36.07.06.09

.09 Remote Access.

A. A manufacturer may not perform from a remote location analysis of, or technical support with regard to, an instant bingo machine or instant bingo validation and accounting system without:

(1) Submission of a written request to the Commission; and

(2) The written approval of the Commission.

B. A facility operator intending to authorize remote access to an instant bingo validation and accounting system under this regulation shall include in its internal controls submitted for Commission approval under a written system of access protocols which require:

(1) A unique system account for each employee of a manufacturer identified by the manufacturer as potentially required to perform technical support from a remote location;

(2) Use of a dedicated and secure communication facility;

(3) Prior notice by the manufacturer of intent to remotely access a system to the:

(a) Facility operator; and

(b) Commission;

(4) The facility operator to take affirmative steps, on a per access basis, to activate a manufacturer’s access privileges;

(5) Imposition of limits on the ability of any individual authorized under this regulation to deliberately or inadvertently interfere with:

(a) The normal operation of the system; and

(b) Its data;

(6) An access log:

(a) Maintained by both the:

(i) Manufacturer; and

(ii) Facility operator’s information technology department;

(b) Maintained in:

(i) A book with bound numbered pages that cannot be readily removed; or

(ii) An electronic format equipped with software that prevents modification of an entry after it has been initially entered into the system; and

(c) Documenting the:

(i) Manufacturer version number of the system accessed;

(ii) Type of connection as leased line, dial in modem, or private WAN;

(iii) Name of the manufacturer employee remotely accessing the system;

(iv) Name of the information technology department employee activating the manufacturer's access to the system;

(v) Date and time of the connection;

(vi) Duration of the connection;

(vii) Reason for the remote access including a description of the symptoms or malfunction prompting the need for remote access to the system; and

(viii) Any action taken or further action required.

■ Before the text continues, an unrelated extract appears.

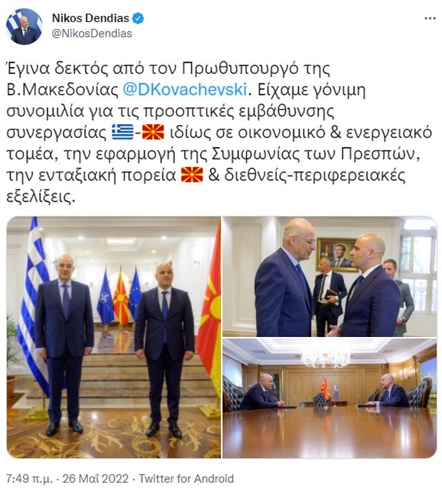 »Στο πλαίσιο αυτό, συζητήσαμε για την εκπλήρωση των υποχρεώσεων που απορρέουν από τη Συμφωνία των Πρεσπών, καθώς και για τον αντίκτυπο της συμφωνίας στη συνολική ανάπτυξη των σχέσεων και της συνεργασίας μεταξύ Βόρειας Μακεδονίας και Ελλάδας» σημείωσε ο υπουργός Εξωτερικών της Βόρειας Μακεδονίας.

C. A facility operator may not authorize a manufacturer to remotely access an instant bingo validation and accounting system until its system access protocols are approved in writing by the Commission.

D. Any modification to a system required to be tested, certified and approved by the Commission shall be processed as:

(1) An emergency modification under Regulation .05 of this chapter; or

(2) A standard modification under Regulations .02(B) and .03(B) of this chapter.

E. If an employee of a manufacturer is no longer employed or authorized by a manufacturer to remotely access a system pursuant to this regulation, the manufacturer shall:

(1) Immediately notify in writing:

(a) Any facility operator that has established a unique system account for that employee of the change in authorization; and

(b) The Commission; and

(2) Verify with each facility operator notified of the change in authorization that the access privileges of the individual have been revoked.